Sin Sombras / Without Shadows: A Search for the Meaning of Life, if There Is One, in the California Desert in Photographs and Stories

$45.00 U.S. (trade discount) 
No e-book has been authorized.
Hardcover/PLC
196 pages with 95 color photographs by the author, including 2 foldouts
10.75″ x 13.25″ (upright/portrait)
ISBN 978–1–938086–58–8

Published in April 2018
Distributed by Casemate/IPM
www.casemateipm.com
No e-book has been authorized.

ABOUT AUTHOR
PRAISE
SLIDE SHOW
MY PLACE

by James G. Barbee
Foreword by Jack Leustig

“When I began to go through Jim Barbee’s images, I knew instantly that I was looking at visionary work … Sin Sombras/Without Shadows will one day be seen as one of the great chronicles of American land and life in the twenty-first century.”
—Jack Leustig, from his Foreword

Ever wish you could push the “reset” button on the world in which you live as well as the one you carry inside your head? Are you tired of a culture that seems infatuated with wealth and the superfluous, where people can become famous simply by being outrageous or otherwise well known?
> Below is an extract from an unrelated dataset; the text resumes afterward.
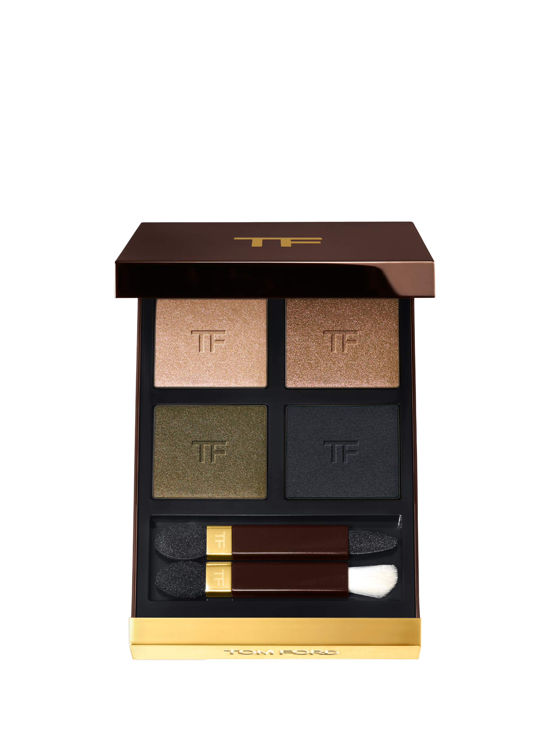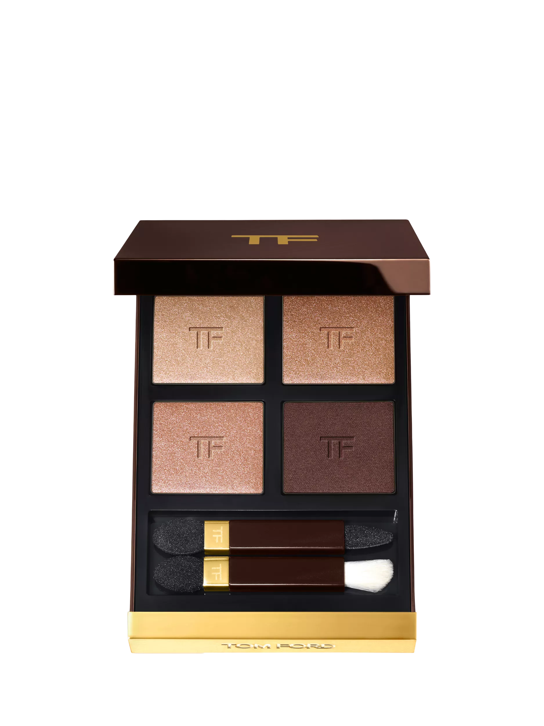 Apply with applicator or with TOM FORD eye brushes. Apply shade 1 all over lid. Blend shades 2 and 3 on the upper and lower lid. Blend shade 4 into the outer crease and on the outer lower lid.

If that world is not working for you, perhaps you should consider a trip to the desert, just as holy men, mystics, prophets, and eccentrics have done for thousands of years, seeking solitude and inspiration, wisdom and direction in a land of extremes. This is what author Jim Barbee did, seeking Inner Space in the expansive California Desert that lies just 100 miles east of Los Angeles.

In Sin Sombras/Without Shadows, Barbee allows us to experience, in photographs and stories, a desert landscape as beguiling and harsh as any on Earth—where there is no place to hide from the bright light or to find relief. It is a wild, arid, and sparsely populated region, “flyover” country for most travelers, a place to pass through or endure, but also home to hardy individuals who live there.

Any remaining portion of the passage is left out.